Identify this book? Dungeons and Dragons novel.

OK, I can actually provide more information than some of these threads. However, I can not provide enough to make it super easy.

  1. This was a Dungeons and Dragons paperback novel. I believe it said “Advanced” Dungeons and Dragons on the cover. There were tons of these novels. Paperback. I think they were all paperback, actually. I had no idea there were a lot these when I read this one.

  2. In the one I’m talking about, there is a scene where the main character meets a guide who tells him he must take a fork in the road ahead. As the main dude goes one way(can’t remember if was left or right), he can hear the guide behind him say, “I would have gone the other way…”, but he keeps going.

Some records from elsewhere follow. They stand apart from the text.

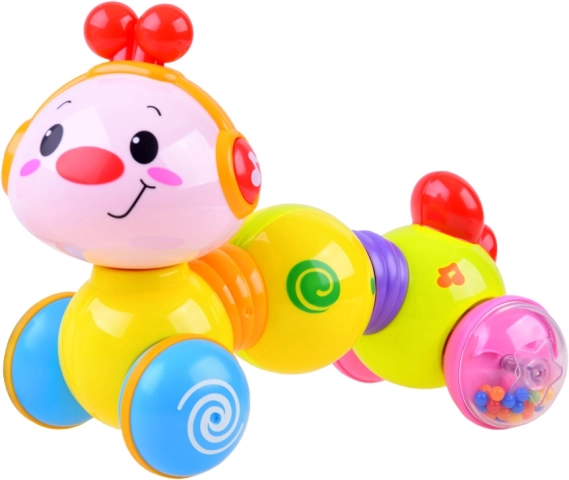 Vesela interaktivna gosenica na kolescih, ki se po pritisku zapelje, sveti in predvaja melodije. Spodbuja plazenje, razvoj motorike in učenje vzroka in posledice že od 6 mesecev.
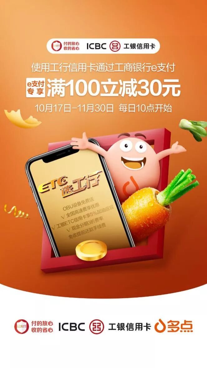 ❂ 活动内容:活动期间每日10点起,在多点最新版APP客户端上,使用工银信用卡通过工商银行e支付完成在线付款,即有机会参加单笔消费满100元立减30元优惠。名额有限,先到先得。
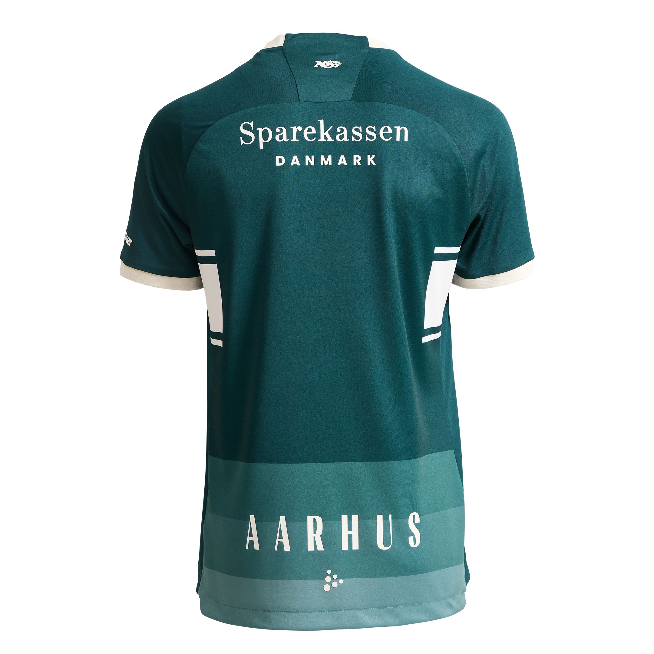 On the back, the word “AARHUS” appears across the lower section, accompanied by the SpareKassen Danmark sponsor logo. The design is rounded off with the AGF initials below the collar, green shorts, and green socks.
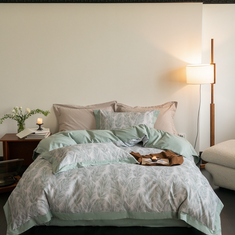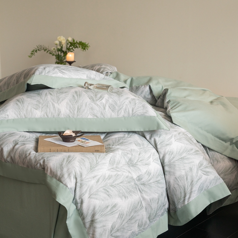 商品名称:窝米 2024新款全棉磨毛工艺拼角款四件套系列 羽裳绿
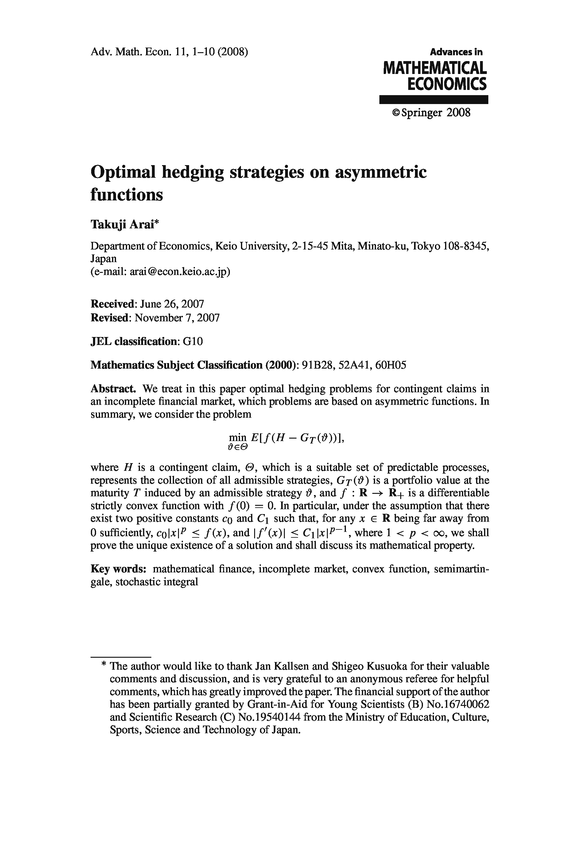 (Shigeo Kusuoka, Akira Yamazaki)
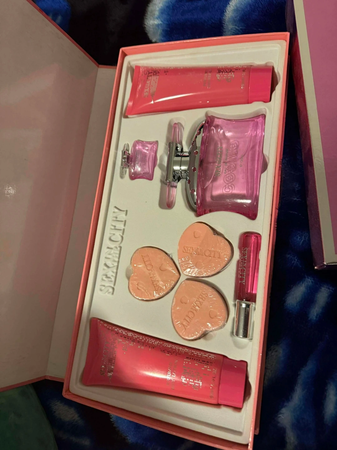 This Sex and the City gift set includes a perfume bottle, rollerball, body lotion, and lip gloss. It's a great collection for any fan of the show!
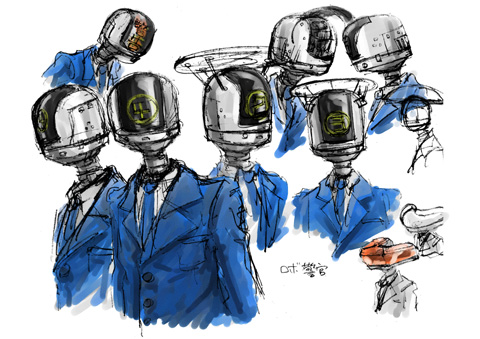 fx022891480気休めに描いた。顔面がモニタになっていて色々表示する設定だ。画面が小さいと目が詰まって綺麗に見えるが実際はかなり荒いよ。頭に丸いのが付いているのは制帽の様なものがあったら良いと思ってやってみたら、そうでもなかったので塗っていないのだ。

  3. There is a secondary main character who is not human. I can’t remember what kind of creature he was, but he turns into a dragon at the end and accompanies the main character. I think this guy’s name started with “M”, but not sure.

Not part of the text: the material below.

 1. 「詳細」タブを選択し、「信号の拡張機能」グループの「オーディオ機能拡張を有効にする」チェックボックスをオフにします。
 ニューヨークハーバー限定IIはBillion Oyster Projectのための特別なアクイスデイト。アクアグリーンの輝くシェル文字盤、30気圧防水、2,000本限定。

  4. I read it between 1988-1992, I’d say. Can not confirm the publishing date. It may have been older or fresh. I think all those books were straight to paperback.

It was kind of thick. A few hundred pages for sure. Standard length for these books, I believe.

Anyway, does this provide enough information for anyone to identify it? Thanks.

Was it part of the DragonLance series? I read all of those in like 6th grade, which was about 1986. I don’t remember much more than that, tho…maybe there were twins, one was a sickly mage who eventually turned evil?

I think it was Dragonlance now you mention it, but I can not be for sure… I don’t remember twins or a sickly mage.

It is possible it was part of a series(like a trilogy or something), but I only read it and viewed it as a stand-alone.

“The Legend of Huma” is a Dragonlance novel that made the New York Times bestseller list back in 1988, and has a which-way-will-you-go bit for the main character – who, as you’d maybe expect, has three secondary-character friends: one is obviously inhuman, one eventually turns into a dragon, and one has a name that starts with an ‘M’.

Hmmmm. Maybe. Who becomes the dragon?

The main character’s girlfriend, Gwyneth; his brawny pal is Kaz, the Minotaur; his brainy pal is Magius, the wizard; his commanding officer is Rennard, a knight who looks really grim. No, grimmer than that. Wait, are you picturing Daniel Craig in a movie about the Holocaust? That’s almost the right amount of grim.

For some reason, I had it in my mind that a male character became the dragon, but I could be wrong. You might have it.

The main villain – a male character – becomes a dragon near the end.

Thanks, but my memory is that the main dude actually gets “possession” of a dragon in the sense that a friend of his becomes one and he “gets a dragon of his own”(that’s close to a phrase that is used at one point).

Still, you may very well be right and my memory is wrong. The dates and so forth line up well.

Kaz eventually teams up with a bronze dragon (they take to each other “like two old soldiers”) and so starts riding around on [del]horseback[/del] dragonback.

OK, very cool. I am guessing you got it. I’ll have to find a copy somewhere and re-read it.

Not that any of the DL books are literature for the ages but, as I recall, The Legend of Huma was one of the few books outside the Weis/Hickman core trilogies that was remotely worth reading. Most of the spin-offs/prequels were dire.

At the end of Dragons of Spring Dawning, Fizbin turns in to his Dragon form, Paladine, and Raistlin, now fully evil, gets on the back of a Green dragon and flies off. maybe you were conflating those two events?

I only read one book, though, being unaware it was a series. I was only 10 or 11 years old.

This sounds like the one I was thinking of.